**REQUIREMENT**
Below are some records. Return exactly the lines from the one with "2 Quarts Expanded" to the one with "Zamszowe Sandałki Espadryle", and nothing else.

**PROVIDED INFORMATION**
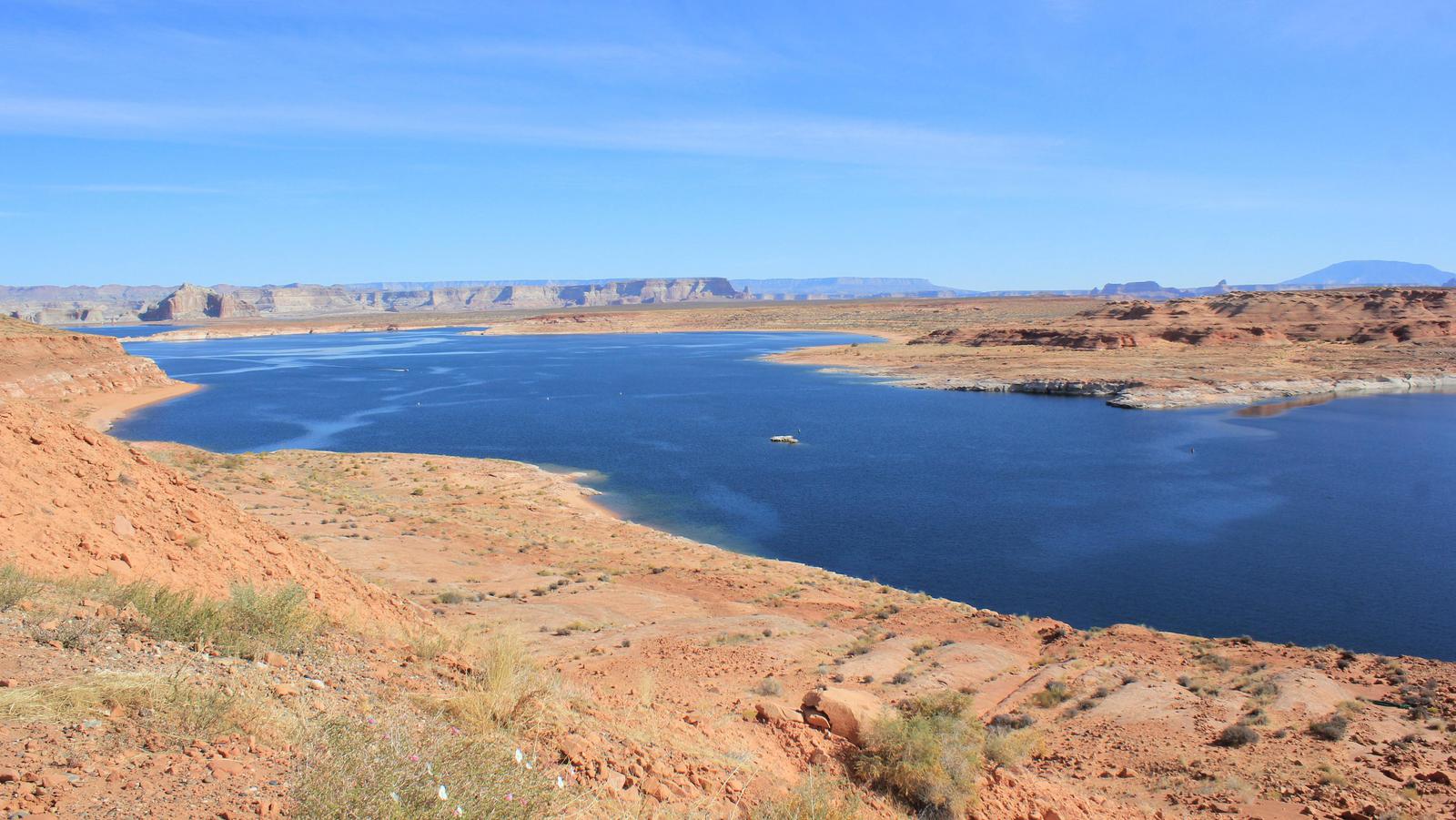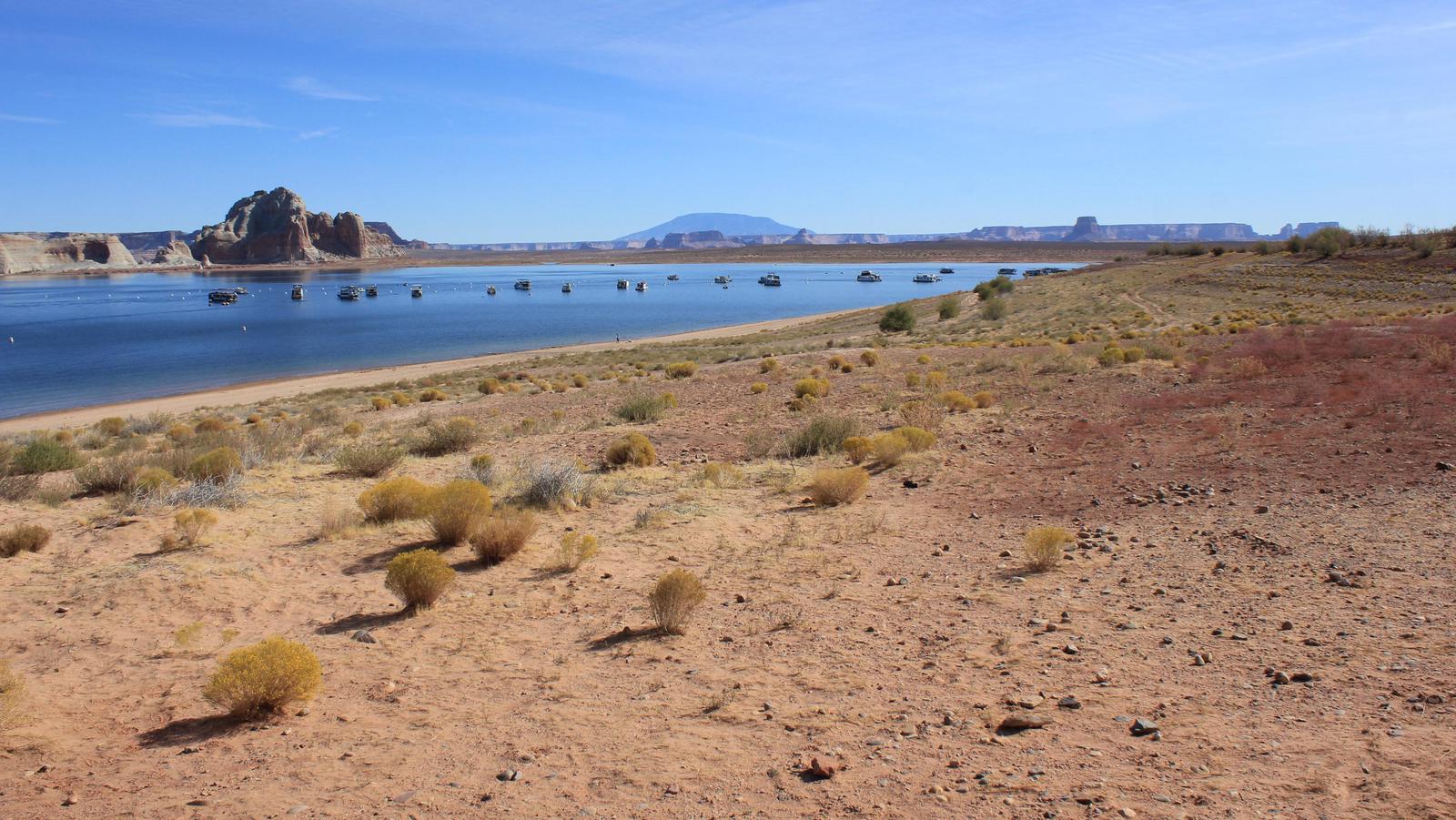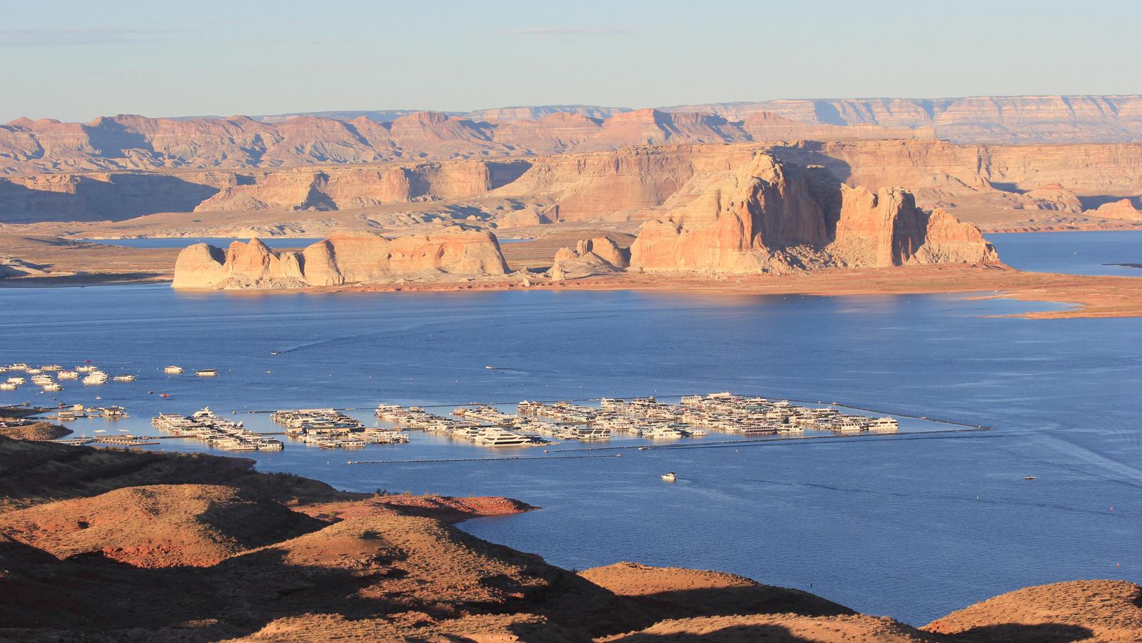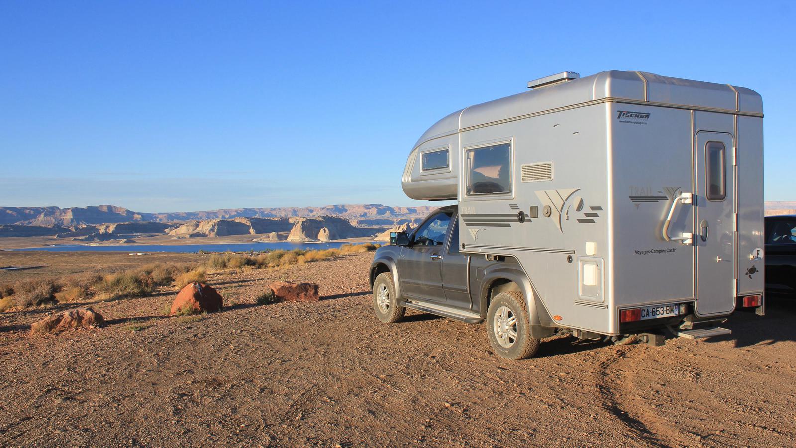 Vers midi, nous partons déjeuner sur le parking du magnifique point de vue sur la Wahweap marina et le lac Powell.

...

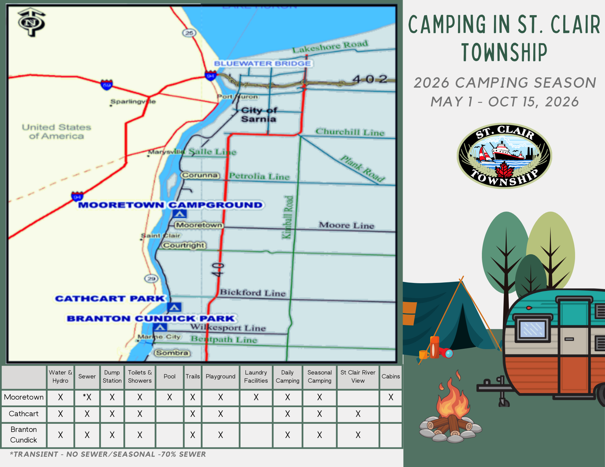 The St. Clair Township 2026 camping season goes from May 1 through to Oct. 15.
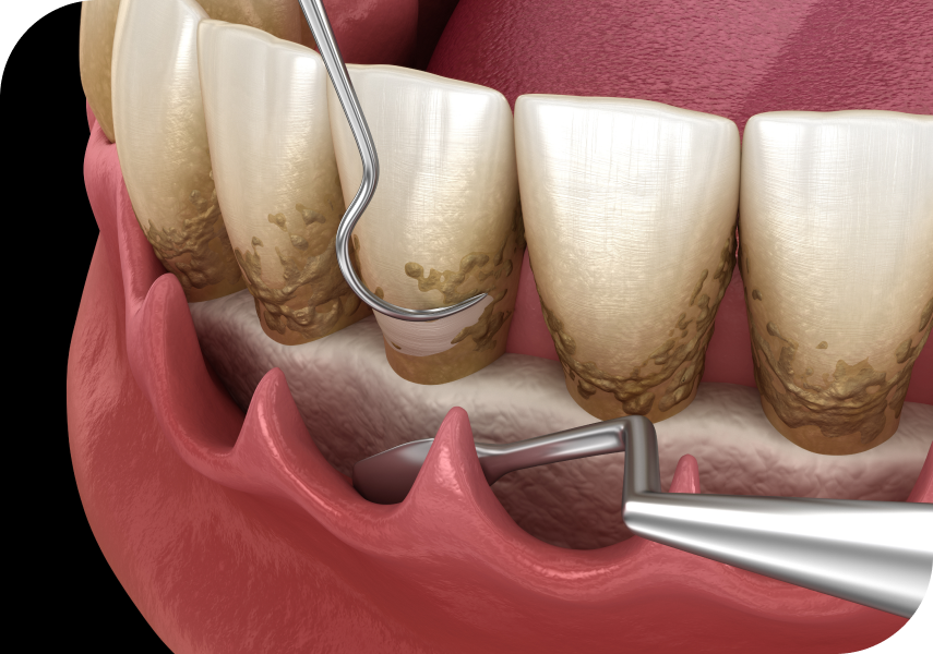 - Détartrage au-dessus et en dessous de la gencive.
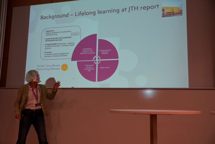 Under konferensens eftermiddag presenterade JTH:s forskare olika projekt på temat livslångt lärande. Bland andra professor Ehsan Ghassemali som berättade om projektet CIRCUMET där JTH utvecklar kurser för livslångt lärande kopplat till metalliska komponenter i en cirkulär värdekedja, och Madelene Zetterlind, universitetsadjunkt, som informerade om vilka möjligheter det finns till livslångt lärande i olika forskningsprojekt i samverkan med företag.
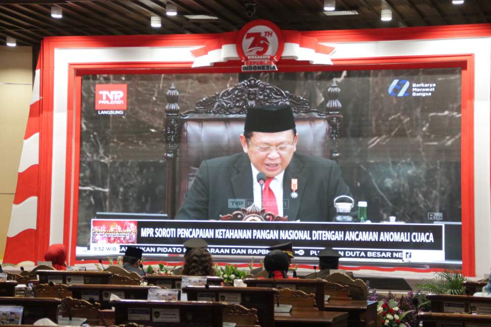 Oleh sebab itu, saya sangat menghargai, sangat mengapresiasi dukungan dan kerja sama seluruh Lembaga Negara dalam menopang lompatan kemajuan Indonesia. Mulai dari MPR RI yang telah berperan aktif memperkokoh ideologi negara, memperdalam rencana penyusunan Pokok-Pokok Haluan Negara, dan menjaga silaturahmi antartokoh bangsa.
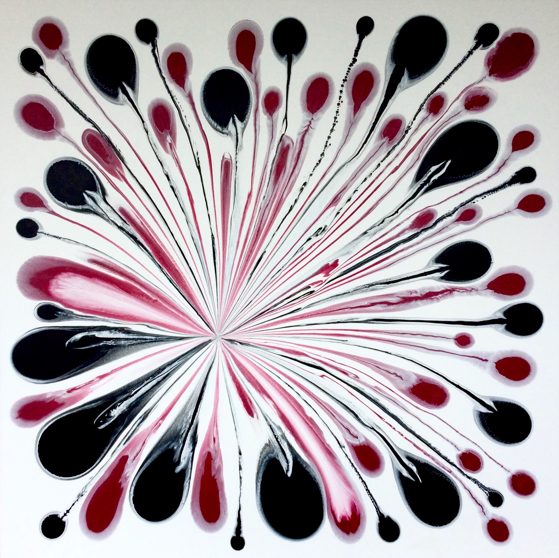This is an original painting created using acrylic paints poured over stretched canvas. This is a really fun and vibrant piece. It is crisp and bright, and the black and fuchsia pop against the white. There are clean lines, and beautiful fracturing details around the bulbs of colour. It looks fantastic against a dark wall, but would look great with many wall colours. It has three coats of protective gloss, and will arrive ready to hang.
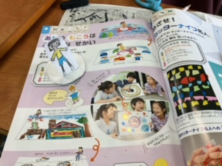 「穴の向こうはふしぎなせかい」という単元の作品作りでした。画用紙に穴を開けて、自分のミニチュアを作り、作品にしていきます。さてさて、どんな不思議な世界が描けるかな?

* * *

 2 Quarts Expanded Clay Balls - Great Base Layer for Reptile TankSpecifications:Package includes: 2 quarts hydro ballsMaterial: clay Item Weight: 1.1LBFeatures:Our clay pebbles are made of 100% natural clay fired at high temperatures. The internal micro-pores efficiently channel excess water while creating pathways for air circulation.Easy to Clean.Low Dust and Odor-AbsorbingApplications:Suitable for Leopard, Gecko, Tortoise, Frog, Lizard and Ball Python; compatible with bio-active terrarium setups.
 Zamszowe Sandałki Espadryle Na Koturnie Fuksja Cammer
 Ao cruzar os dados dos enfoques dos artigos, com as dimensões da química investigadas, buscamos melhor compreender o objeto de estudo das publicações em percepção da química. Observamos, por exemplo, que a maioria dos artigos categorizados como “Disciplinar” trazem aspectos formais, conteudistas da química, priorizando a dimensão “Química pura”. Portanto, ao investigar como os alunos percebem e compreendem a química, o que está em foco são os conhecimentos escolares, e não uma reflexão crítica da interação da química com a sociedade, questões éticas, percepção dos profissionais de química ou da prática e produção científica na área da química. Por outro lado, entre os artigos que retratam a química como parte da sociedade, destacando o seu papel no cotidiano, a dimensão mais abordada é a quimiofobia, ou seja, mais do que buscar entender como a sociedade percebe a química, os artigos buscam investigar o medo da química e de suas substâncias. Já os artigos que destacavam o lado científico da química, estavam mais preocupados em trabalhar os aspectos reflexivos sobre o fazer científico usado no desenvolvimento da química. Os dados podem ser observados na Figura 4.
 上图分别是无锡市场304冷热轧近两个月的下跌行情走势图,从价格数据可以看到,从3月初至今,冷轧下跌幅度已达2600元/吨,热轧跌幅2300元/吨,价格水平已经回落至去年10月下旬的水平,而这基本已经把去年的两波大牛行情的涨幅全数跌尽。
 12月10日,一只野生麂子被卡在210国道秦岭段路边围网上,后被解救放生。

**TASK SOLUTION**
 2 Quarts Expanded Clay Balls - Great Base Layer for Reptile TankSpecifications:Package includes: 2 quarts hydro ballsMaterial: clay Item Weight: 1.1LBFeatures:Our clay pebbles are made of 100% natural clay fired at high temperatures. The internal micro-pores efficiently channel excess water while creating pathways for air circulation.Easy to Clean.Low Dust and Odor-AbsorbingApplications:Suitable for Leopard, Gecko, Tortoise, Frog, Lizard and Ball Python; compatible with bio-active terrarium setups.
 Zamszowe Sandałki Espadryle Na Koturnie Fuksja Cammer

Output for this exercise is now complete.